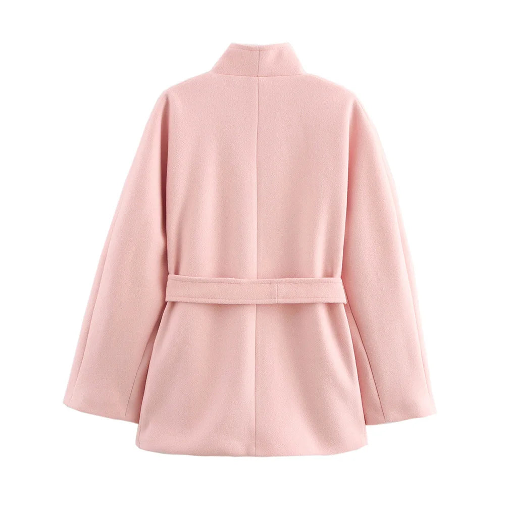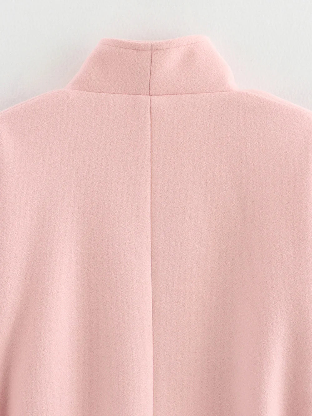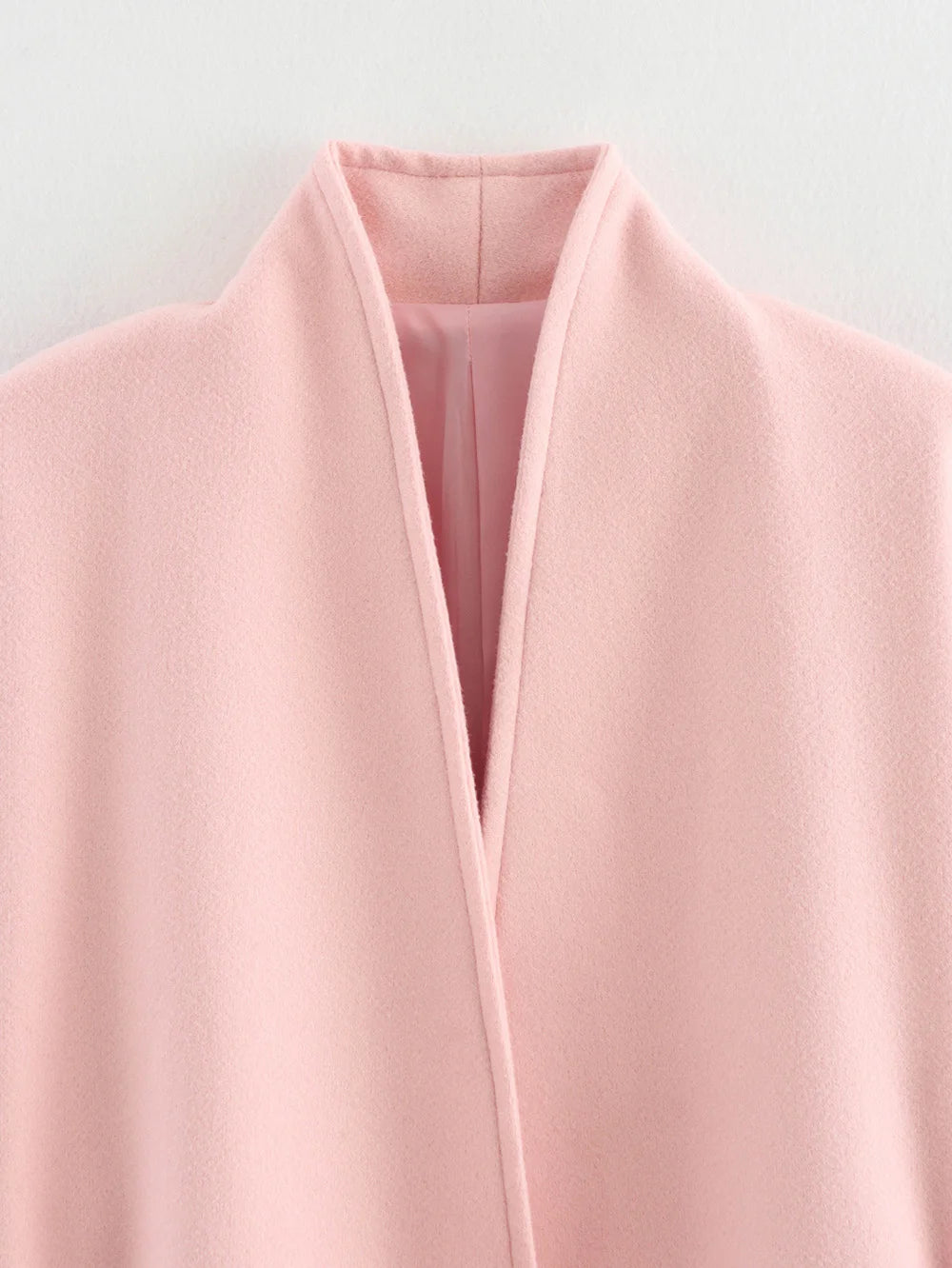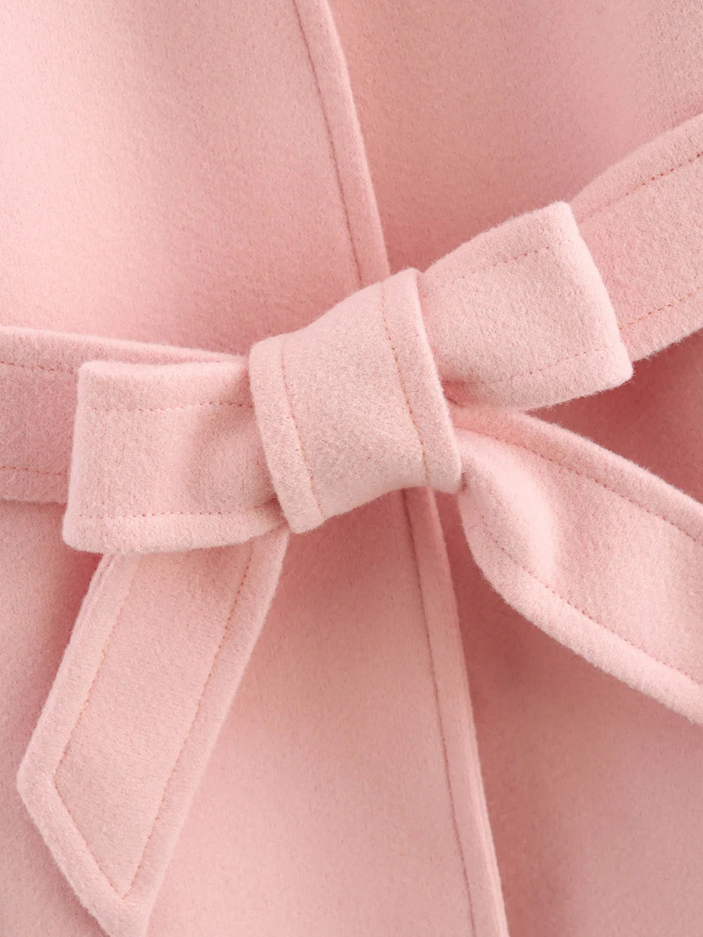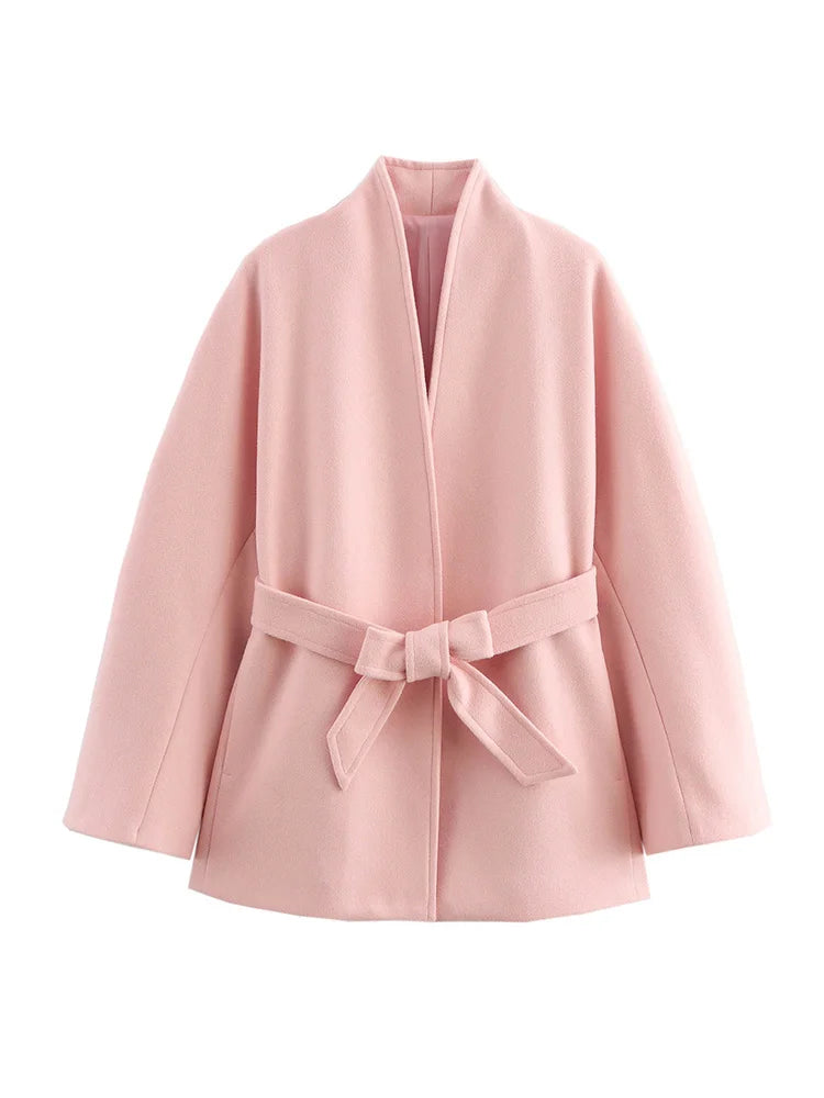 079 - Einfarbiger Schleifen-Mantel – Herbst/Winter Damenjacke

□ □ □ □ □

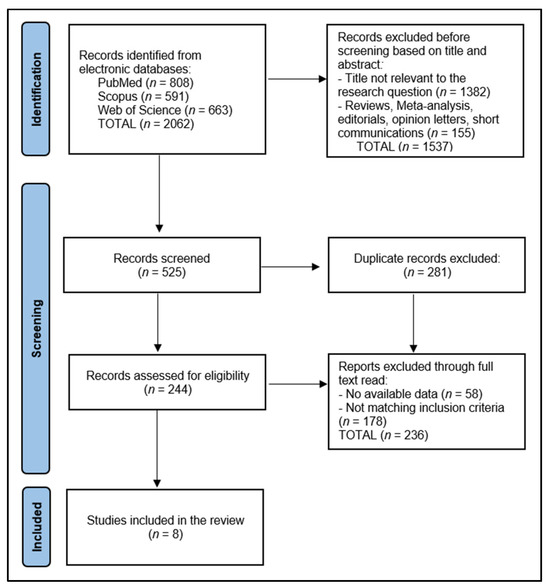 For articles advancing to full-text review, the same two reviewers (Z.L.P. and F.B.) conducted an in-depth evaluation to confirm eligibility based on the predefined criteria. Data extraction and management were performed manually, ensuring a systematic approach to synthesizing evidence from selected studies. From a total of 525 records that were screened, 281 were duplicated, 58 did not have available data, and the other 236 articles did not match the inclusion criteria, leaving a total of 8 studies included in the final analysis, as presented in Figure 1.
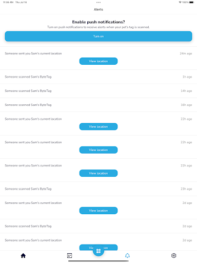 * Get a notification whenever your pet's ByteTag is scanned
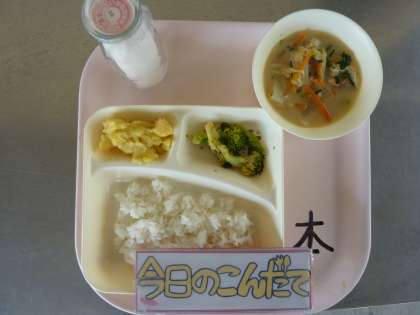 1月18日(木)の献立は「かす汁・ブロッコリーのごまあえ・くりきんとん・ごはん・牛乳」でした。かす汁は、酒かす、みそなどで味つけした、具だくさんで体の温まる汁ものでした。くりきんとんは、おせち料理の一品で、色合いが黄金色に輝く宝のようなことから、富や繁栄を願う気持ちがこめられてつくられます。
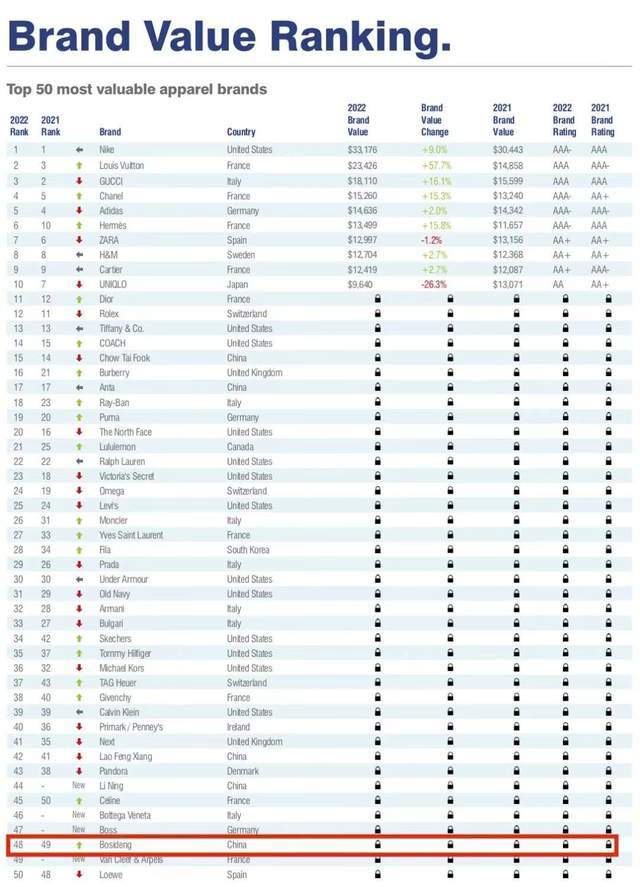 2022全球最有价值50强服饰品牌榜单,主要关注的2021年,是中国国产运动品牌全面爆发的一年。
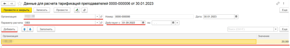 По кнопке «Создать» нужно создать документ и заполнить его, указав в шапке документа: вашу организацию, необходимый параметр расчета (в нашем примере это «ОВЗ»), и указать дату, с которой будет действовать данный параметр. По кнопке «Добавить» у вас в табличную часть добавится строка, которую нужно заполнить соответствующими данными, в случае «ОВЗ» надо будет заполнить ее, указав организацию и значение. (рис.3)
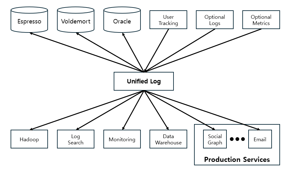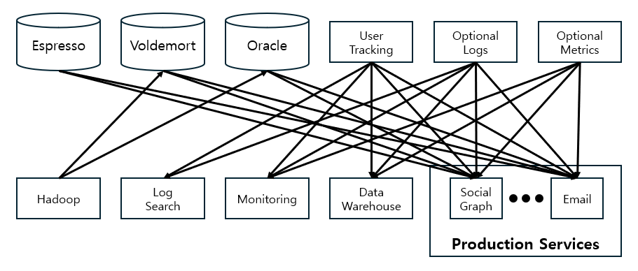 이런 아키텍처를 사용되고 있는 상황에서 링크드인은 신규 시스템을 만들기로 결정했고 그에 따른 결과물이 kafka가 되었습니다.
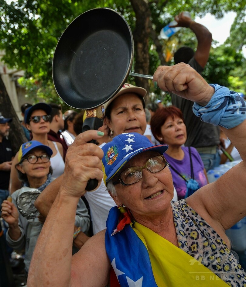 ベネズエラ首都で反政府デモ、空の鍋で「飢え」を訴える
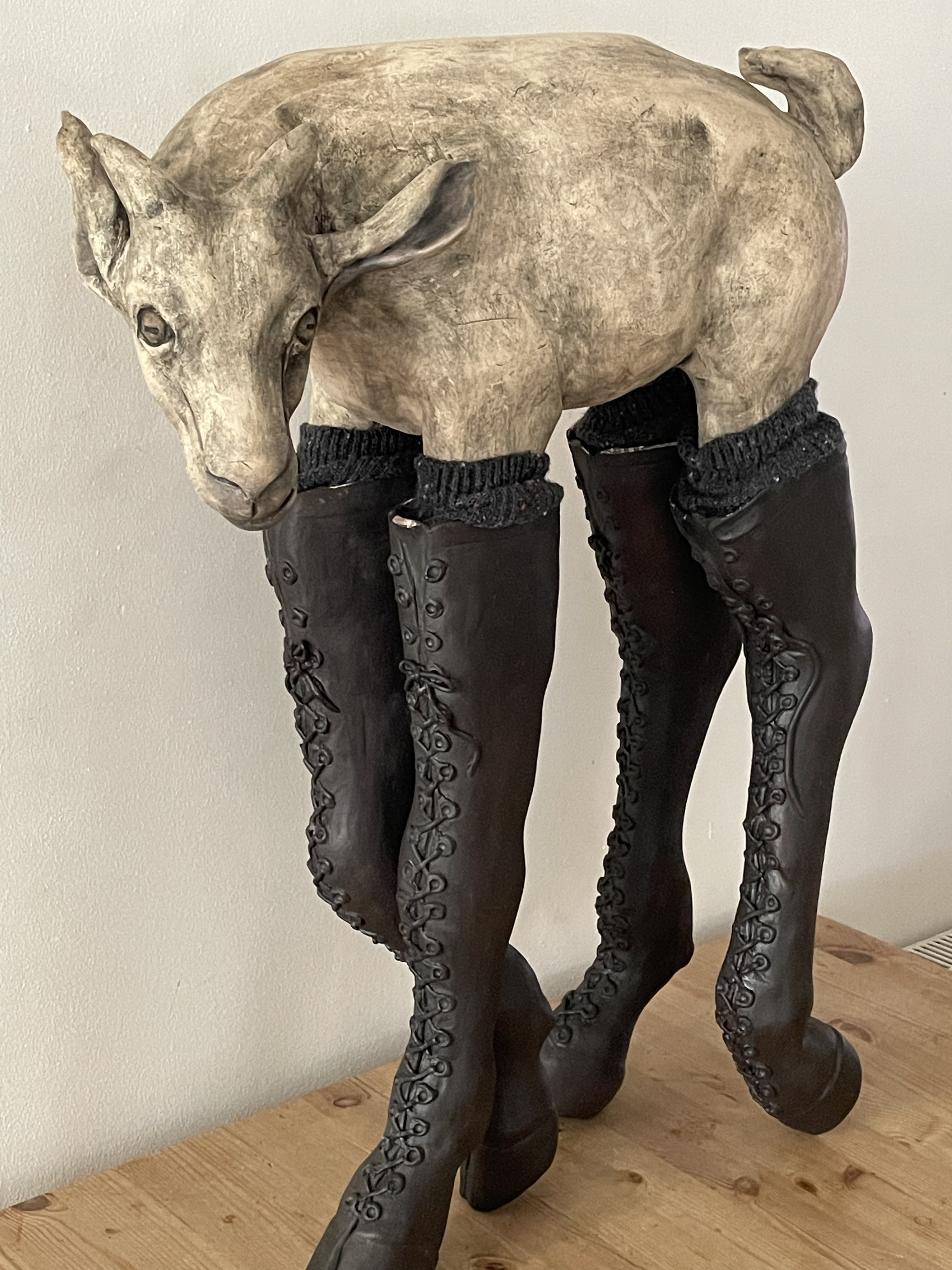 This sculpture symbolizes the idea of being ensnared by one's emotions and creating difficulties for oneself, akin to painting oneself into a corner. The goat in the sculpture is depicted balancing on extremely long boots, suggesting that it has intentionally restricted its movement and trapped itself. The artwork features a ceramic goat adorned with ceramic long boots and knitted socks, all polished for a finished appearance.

□ □ □ □ □

Your assignment
With the pictures omitted, restate word for word the lines above from the line that has "ByteTag is scanned" up to and including the line that has "This sculpture symbolizes", and no other lines.

Exercise answer
 * Get a notification whenever your pet's ByteTag is scanned
 1月18日(木)の献立は「かす汁・ブロッコリーのごまあえ・くりきんとん・ごはん・牛乳」でした。かす汁は、酒かす、みそなどで味つけした、具だくさんで体の温まる汁ものでした。くりきんとんは、おせち料理の一品で、色合いが黄金色に輝く宝のようなことから、富や繁栄を願う気持ちがこめられてつくられます。
 2022全球最有价值50强服饰品牌榜单,主要关注的2021年,是中国国产运动品牌全面爆发的一年。
 По кнопке «Создать» нужно создать документ и заполнить его, указав в шапке документа: вашу организацию, необходимый параметр расчета (в нашем примере это «ОВЗ»), и указать дату, с которой будет действовать данный параметр. По кнопке «Добавить» у вас в табличную часть добавится строка, которую нужно заполнить соответствующими данными, в случае «ОВЗ» надо будет заполнить ее, указав организацию и значение. (рис.3)
 이런 아키텍처를 사용되고 있는 상황에서 링크드인은 신규 시스템을 만들기로 결정했고 그에 따른 결과물이 kafka가 되었습니다.
 ベネズエラ首都で反政府デモ、空の鍋で「飢え」を訴える
 This sculpture symbolizes the idea of being ensnared by one's emotions and creating difficulties for oneself, akin to painting oneself into a corner. The goat in the sculpture is depicted balancing on extremely long boots, suggesting that it has intentionally restricted its movement and trapped itself. The artwork features a ceramic goat adorned with ceramic long boots and knitted socks, all polished for a finished appearance.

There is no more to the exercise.